Чэн Цянь внимательно изучил каждое его слово и фразу, но не нашел в них ни капли уважения, будто бы младший адепт приветствовал не «главу клана», а «дядюшку Ханя из соседней деревни».

Мучунь чжэньжэнь против такого нисколько не возражал. Он беззаботно улыбнулся, указав на Чэн Цяня и Хань Юаня:

— Это мои недавно принятые ученики. Могу я попросить тебя помочь им устроиться?

— Где мне их поселить? — улыбнулся младший адепт.

— Этого — в Южном дворе, — Мучунь чжэньжэнь небрежно указал на Хань Юаня. Затем он опустил голову и случайно или намеренно встретился взглядом с Чэн Цянем.

Непринужденная улыбка Мучунь чжэньжэня внезапно исчезла. Помолчав немного, он почти торжественно произнес:

— Отведите его в боковой павильон.

На самом деле «боковой павильон» был не павильоном, а небольшим уединенным двориком, находящимся в отдалении. По одну сторону стены протекал спокойный ручей, а по другую находился бамбуковый лес, казавшийся чрезвычайно мирным.

Вероятно, лес рос здесь много лет, потому что даже ветер, проносящийся сквозь него, словно окрашивался в изумрудный цвет. Весь двор напоминал собой бамбуковое море, где свежая зелень очищала разум от желаний.

По обе стороны от дверей горел Вечный огонь, украшенный более изящными амулетами, чем «фамильная реликвия» семьи Чэн. Мягкий ореол его не дрожал от ветра. Между лампами висела табличка с иероглифами «Тихий и мирный». Видимо, их и два символа «Фуяо», увиденные Чэн Цянем ранее, написал один и тот же человек.
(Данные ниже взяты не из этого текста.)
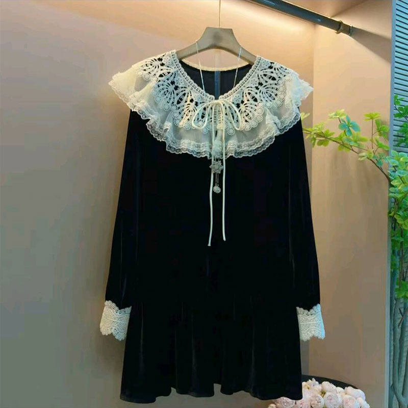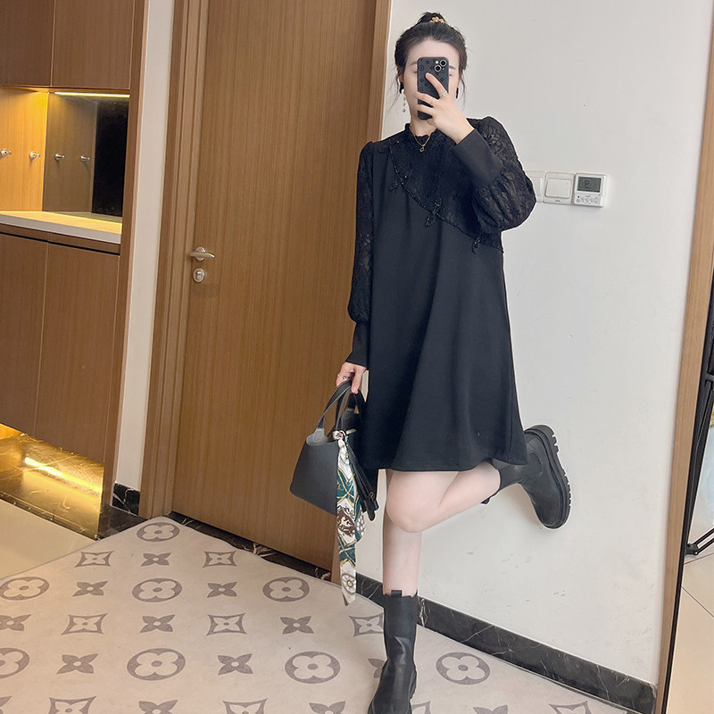大码女装拼色蕾丝领长袖连衣裙胖妹妹中长款法式气质赫本风小黑裙
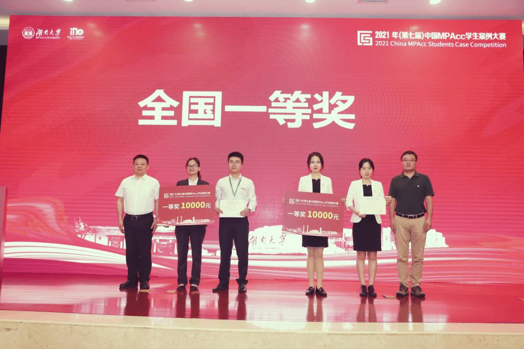 2021年6月5-6日,第七届中国MPAcc员工案例大赛全国复赛和决赛在湖南大学隆重举行。经过激烈角逐,由威廉希尔中文官网2020级MPAcc研究生王子希、王玉婷、王倩、王昭月、王璇组成的团队“锦鲤小分队”荣获本届大赛全国一等奖, 威廉希尔中文官网卢闯教授获得优秀指导教师奖。

Юношу, сопровождавшего Чэн Цяня, звали Сюэцин. Он был почти того же возраста, что и старший брат Чэн Цяня. Сюэцин обладал средним телосложением и обычными чертами лица, что делало его самыми неприметными среди всех младших адептов. Но при внимательном рассмотрении он выглядел довольно привлекательно. Сюэцин казался молчаливым и не искал внимания.

— Это боковой павильон, также называемый Цинань. Слышал, когда-то здесь жил глава клана, но потом переехал. Он также использовался как Зал пения [2]. Знает ли третий дядя, что такое Зал пения?

[2] Зал пения в оригинале звучит как трапезная. (斋堂zhāitáng)

На самом деле, Чэн Цянь не совсем понял, что это значит, но кивнул, не выказав особого беспокойства. После, Сюэцин провел его во двор и показал, расположившийся в его центре, небольшой пруд диаметром в один чжан. Фундамент, сделанный из черного вяза, украшали амулеты, предназначенные, вероятно для того, чтобы остановить отток воды — вода в пруду не текла и не расходилась рябью.

Но, присмотревшись, Чэн Цянь обнаружил, что это был вовсе и не пруд, а огромный драгоценный камень.

Этот камень — не нефрит и не изумруд — оказался очень холодным. Темно-зеленый, с легким синим отливом, он излучал безмятежное спокойствие.

Чэн Цянь никогда раньше не видел такого редкого сокровища. Даже если он и не хотел показаться невеждой, его на мгновение охватило изумление.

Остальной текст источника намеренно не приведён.